Pictures must not appear in the copy. Restate exactly the lines below from the one with "just with water." through the one with "Προσωποποιημένες ξυλομπογιές σε", inclusive.

- Data provided:

= = =

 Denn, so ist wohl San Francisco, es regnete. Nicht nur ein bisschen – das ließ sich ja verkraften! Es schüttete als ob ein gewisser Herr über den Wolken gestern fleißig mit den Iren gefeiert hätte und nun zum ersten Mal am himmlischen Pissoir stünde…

= = =

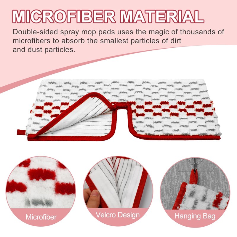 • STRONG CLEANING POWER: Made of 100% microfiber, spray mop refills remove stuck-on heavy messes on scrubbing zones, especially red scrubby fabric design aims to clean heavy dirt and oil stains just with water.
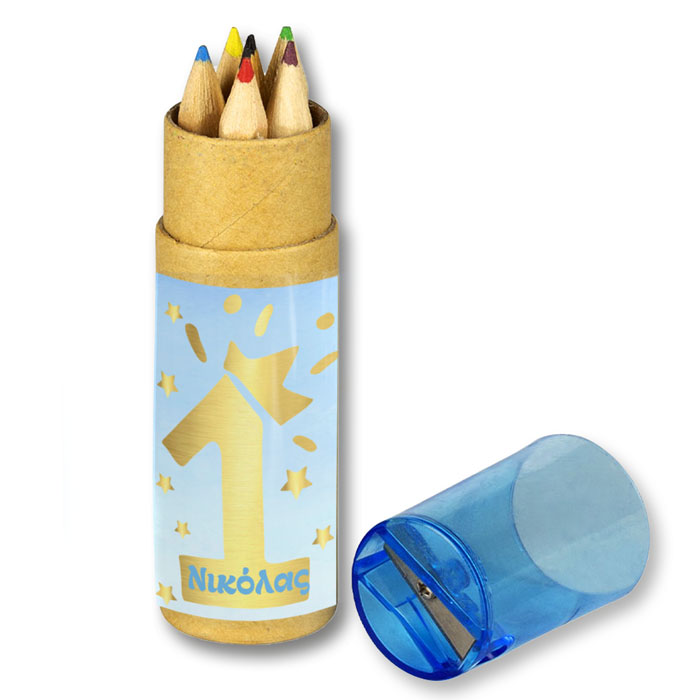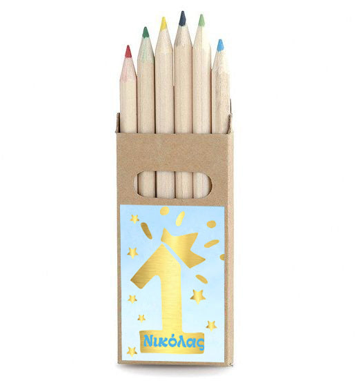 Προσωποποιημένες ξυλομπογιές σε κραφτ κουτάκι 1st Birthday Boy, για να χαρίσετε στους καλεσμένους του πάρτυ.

= = =

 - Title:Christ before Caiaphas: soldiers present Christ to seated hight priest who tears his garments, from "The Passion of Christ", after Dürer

= = =

- Reply:
 • STRONG CLEANING POWER: Made of 100% microfiber, spray mop refills remove stuck-on heavy messes on scrubbing zones, especially red scrubby fabric design aims to clean heavy dirt and oil stains just with water.
 Προσωποποιημένες ξυλομπογιές σε κραφτ κουτάκι 1st Birthday Boy, για να χαρίσετε στους καλεσμένους του πάρτυ.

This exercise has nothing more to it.